PyTorchCML
PyTorchCML copied to clipboard
TwoStageSampler is giving Simplex() error
Following error is happening no matter if I am using pos or neg weights
epoch1 avg_loss:1.206: 0%| | 1/256 [00:00<00:57, 4.46it/s]
---------------------------------------------------------------------------
ValueError Traceback (most recent call last)
<ipython-input-16-da8e4fbdcbb5> in <module>
16 #sampler = samplers.BaseSampler(train_set = cml_train_set, neg_weight = neg_weight, n_user = n_user, n_item = n_item, device=device, strict_negative=True)
17 trainer = trainers.BaseTrainer(cml_model_all_in, optimizer, criterion, sampler)
---> 18 trainer.fit(n_batch=256, n_epoch=10)
~/.local/lib/python3.7/site-packages/PyTorchCML/trainers/BaseTrainer.py in fit(self, n_batch, n_epoch, valid_evaluator, valid_per_epoch)
75 self.sampler.set_candidates_weight(dist, self.model.n_dim)
76
---> 77 neg_items = self.sampler.get_neg_batch(users.reshape(-1))
78
79 # initialize gradient
~/.local/lib/python3.7/site-packages/PyTorchCML/samplers/TwoStageSampler.py in get_neg_batch(self, users)
121 weight = self.candidates_weight
122
--> 123 neg_sampler = Categorical(probs=weight)
124 neg_indices = neg_sampler.sample([self.n_neg_samples]).T
125 neg_items = self.candidates[neg_indices]
~/site-packages/torch/distributions/categorical.py in __init__(self, probs, logits, validate_args)
62 self._num_events = self._param.size()[-1]
63 batch_shape = self._param.size()[:-1] if self._param.ndimension() > 1 else torch.Size()

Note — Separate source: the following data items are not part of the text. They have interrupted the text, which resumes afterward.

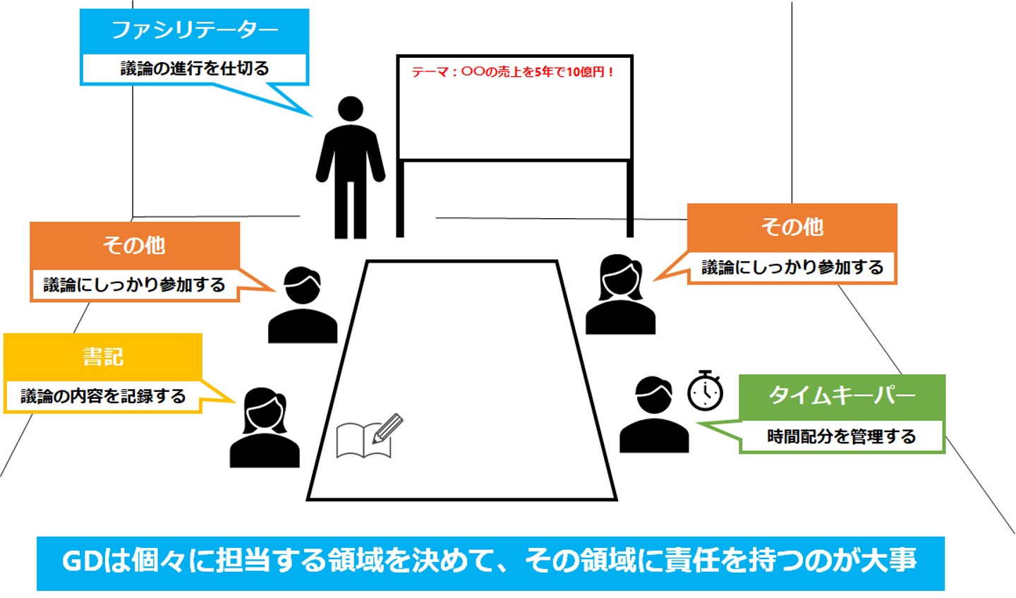 もちろん苦手を克服するという成長が目的で、あえて苦手なことにチャレンジする場合もあるかもしれませんが、わずか数時間しかないGDにおいてそれは不要と言えるでしょう。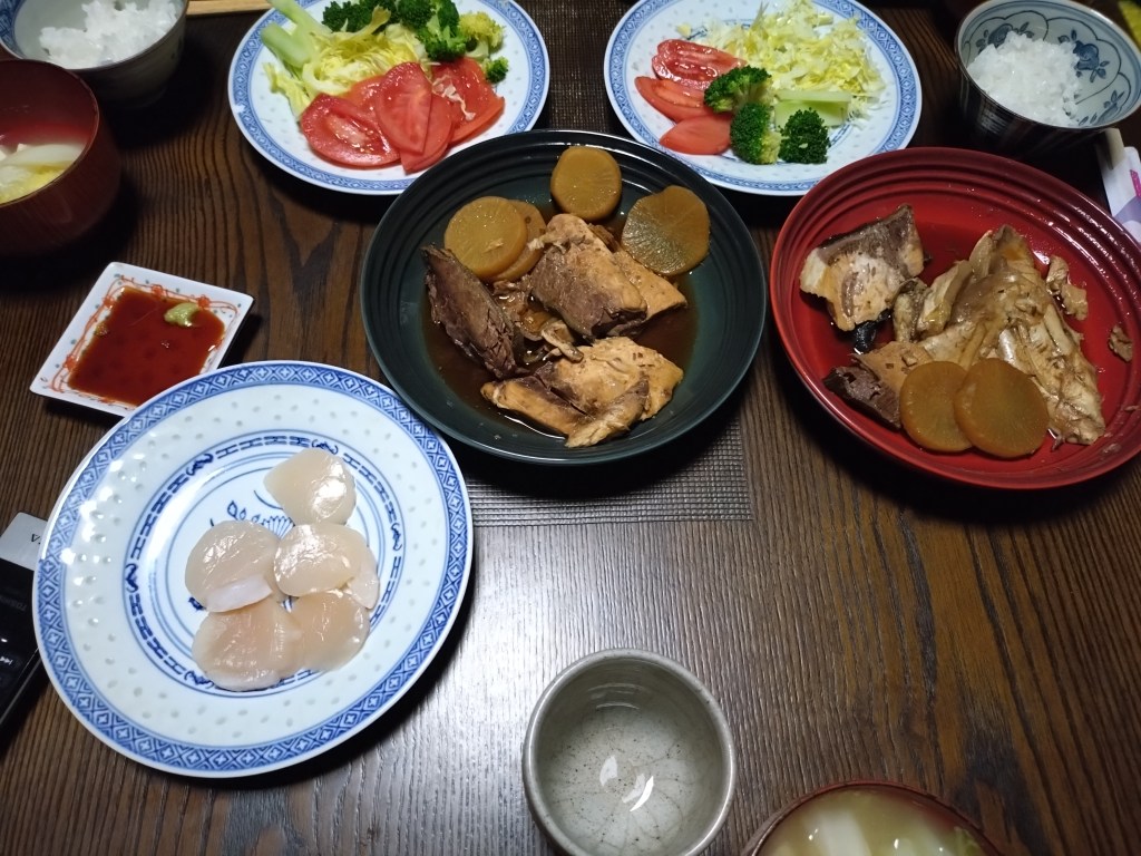 サラダやホタテの刺身などを出し、父はいつも以上に気合いが入り、ブリ大根を作りました。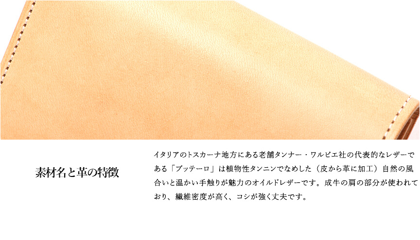 表革:牛革(タンニン鞣し) 内革:牛革(タンニン鞣し) *イタリアのトスカーナ地方にある老舗タンナー・ワルピエ社製牛革「ブッテーロ」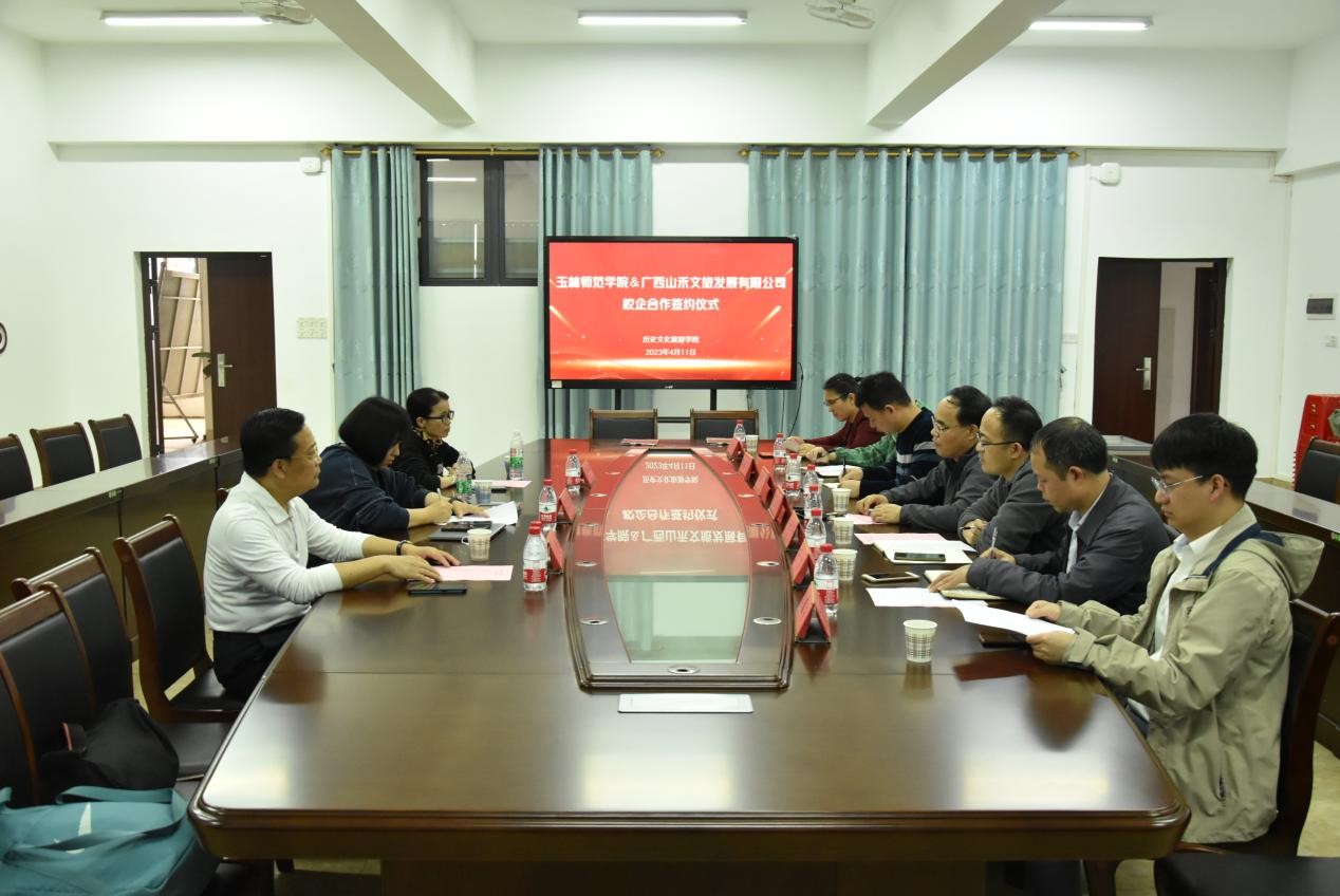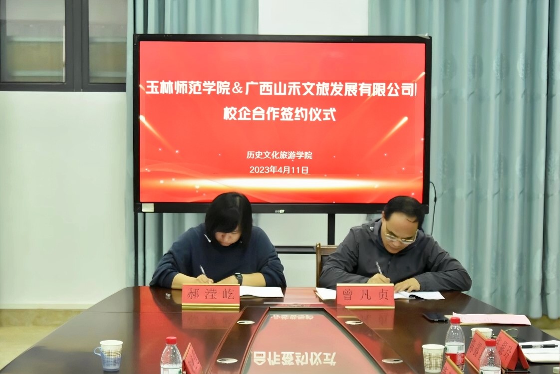 4月11日下午,历史文化旅游学院与广西山禾文旅发展有限公司在我校东校区至善楼509会议室举行校企合作签约暨工作室揭牌仪式,该院领导班子及旅游管理专业专任教师参与签约仪式,广西山禾文旅发展有限公司总经理郝滢屹及其国家金牌导游广西联合工作室成员出席,仪式由该院副院长唐彰元主持。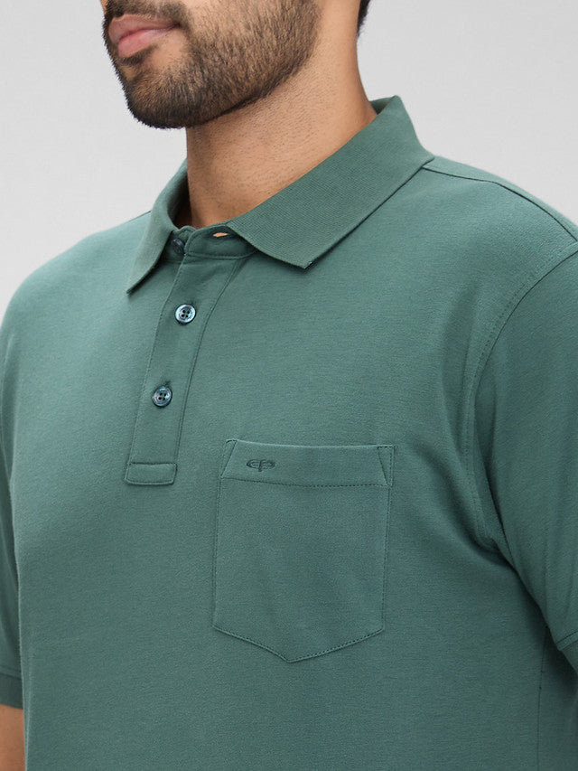 Colorplus Green Solid Regular Fit Half Sleeve Cotton T-Shirt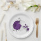 Romântica, roxo real e flores brancas com folhas prateadas, placa de papel botânico.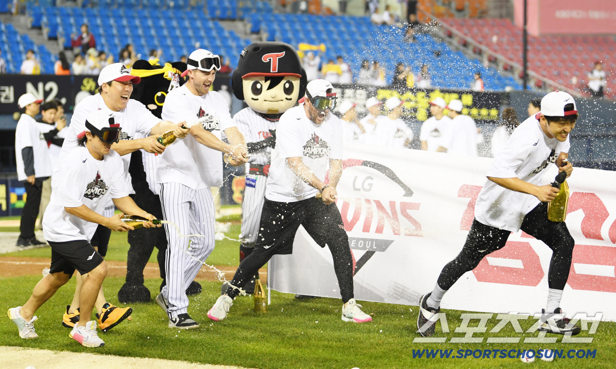 잠실구장에서 경기를 지켜보던 LG 선수들은 SSG의 역전승으로 정규시즌 우승이 확정되자 그라운드에 나와 우승의 기쁨을 나눴다.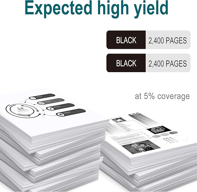 - High Page Yield: Up to 2400 pages per black toner cartridge (at 5% coverage may vary by type of use)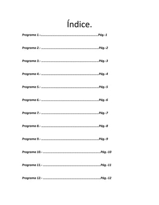 Este documento es el índice de 12 programas de Java desarrollados por el alumno José Manuel Plata Cabello para su clase de Programación impartida por la profesora María de Lourdes Ramírez Villaseñor en el turno matutino del grupo 3 "J". Cada programa resuelve un problema matemático diferente utilizando operaciones básicas y fórmulas.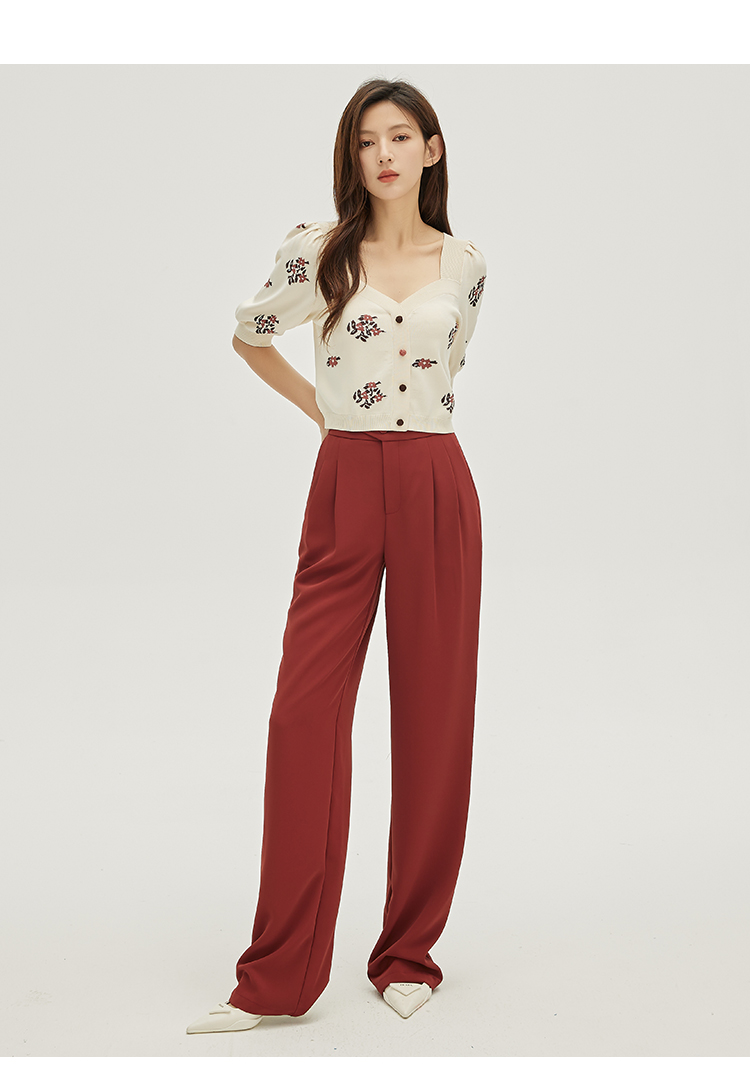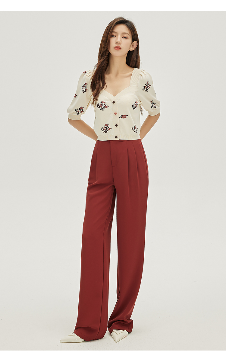 oldcolour简约休闲裤春季新款松紧高腰阔腿直筒长裤女P11073409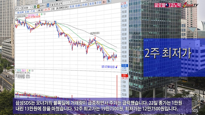 삼성SDS는 오너가의 블록딜에 거래량이 급증하면서 주가는 급락했습니다. 22일 종가는 1만원 내린 13만원에 장을 마쳤습니다. 52주 최고가는 19만7500원, 최저가는 12만7500원입니다.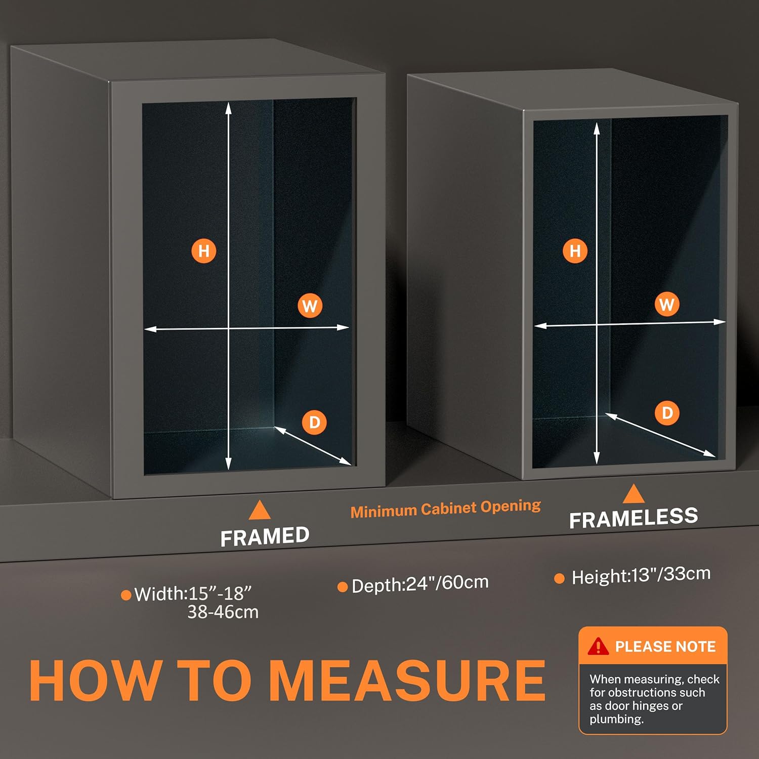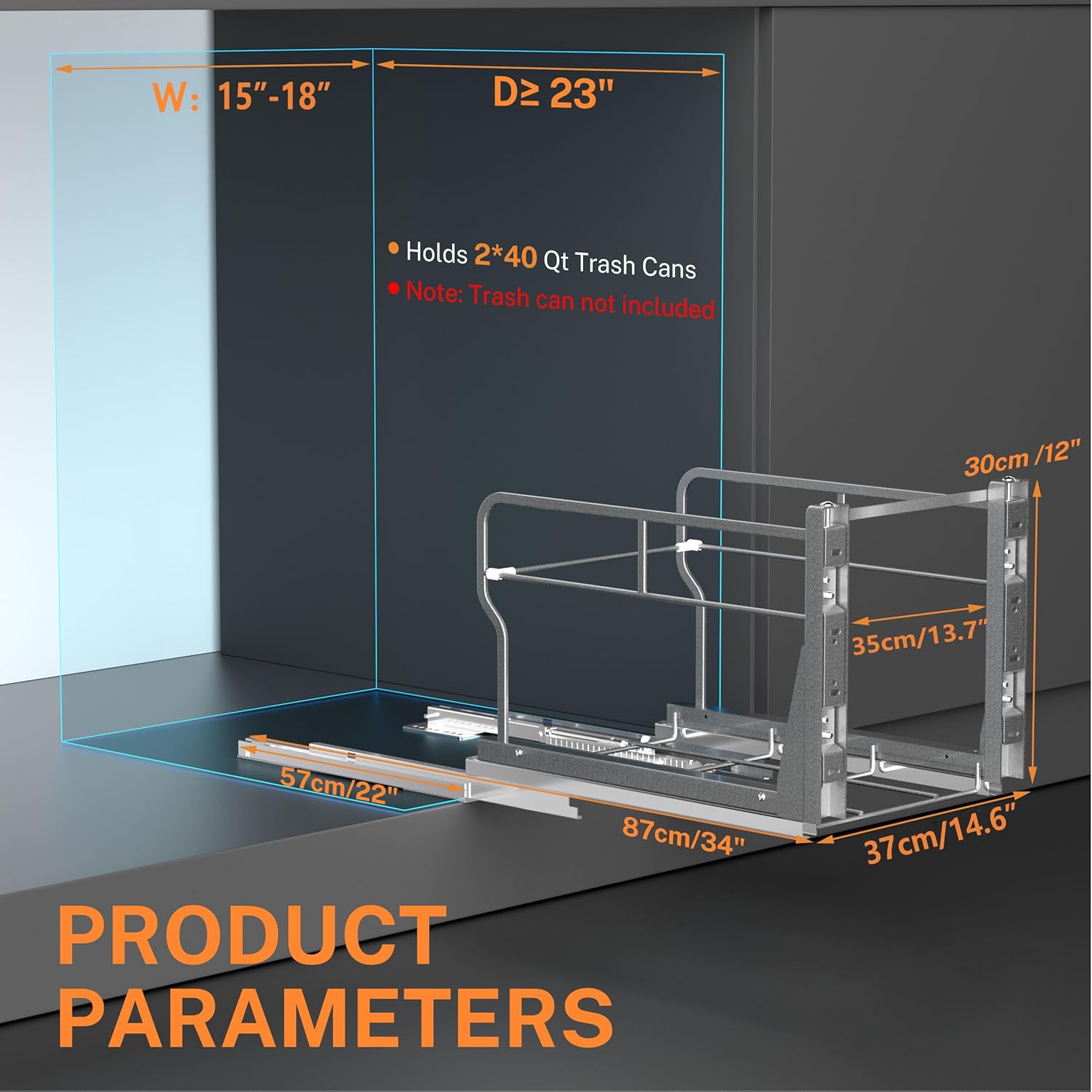 - Cabinet Requirements: Cabinet trash can pull out kit: 14.6"W x 22.2"D x 12"H; Minimum Cabinet Dimensions Required:15"-18"Wx 24"Dx 13"H. Note:The height of the trash can slider for kitchen cabinet sliding rail frame of the cabinet door should be measured according to the height of the buyer's trash can.The door mounting kit is mounted to the front of the slide frame on both sides and requires a separate tool to remove.

---> 64 super(Categorical, self).__init__(batch_shape, validate_args=validate_args)
65
66 def expand(self, batch_shape, _instance=None):
~/site-packages/torch/distributions/distribution.py in __init__(self, batch_shape, event_shape, validate_args)
54 if not valid.all():
55 raise ValueError(
---> 56 f"Expected parameter {param} "
57 f"({type(value).__name__} of shape {tuple(value.shape)}) "
58 f"of distribution {repr(self)} "
ValueError: Expected parameter probs (Tensor of shape (256, 200)) of distribution Categorical(probs: torch.Size([256, 200])) to satisfy the constraint Simplex(), but found invalid values:
tensor([[7.2129e-03, 7.2939e-03, 0.0000e+00, ..., 6.3333e-03, 0.0000e+00,
0.0000e+00],
[9.9370e-03, 0.0000e+00, 1.6256e-02, ..., 5.3079e-03, 9.3441e-03,
0.0000e+00],
[9.9370e-03, 0.0000e+00, 1.6256e-02, ..., 5.3079e-03, 9.3441e-03,
0.0000e+00],
...,
[0.0000e+00, 0.0000e+00, 0.0000e+00, ..., 4.5067e-03, 4.2130e-03,
1.3499e-02],
[1.3212e-28, 0.0000e+00, 0.0000e+00, ..., 0.0000e+00, 1.4386e-28,
1.3498e-28],
[0.0000e+00, 6.2382e-03, 7.7719e-03, ..., 0.0000e+00, 0.0000e+00,
1.5519e-02]], grad_fn=<DivBackward0>)
Thanks for the report. Does the error also occur when you don't set the weights ? Could you tell me how to reproduce the error on my end if you know ?
I think this is an ongoing issue with the current implementation of PyTorch. There should be better error or warning to understand this. I am not sure how to reproduce this on a public dataset. I tried but I couldnt.
I see. Let's keep the Issue open until we get some knowledge.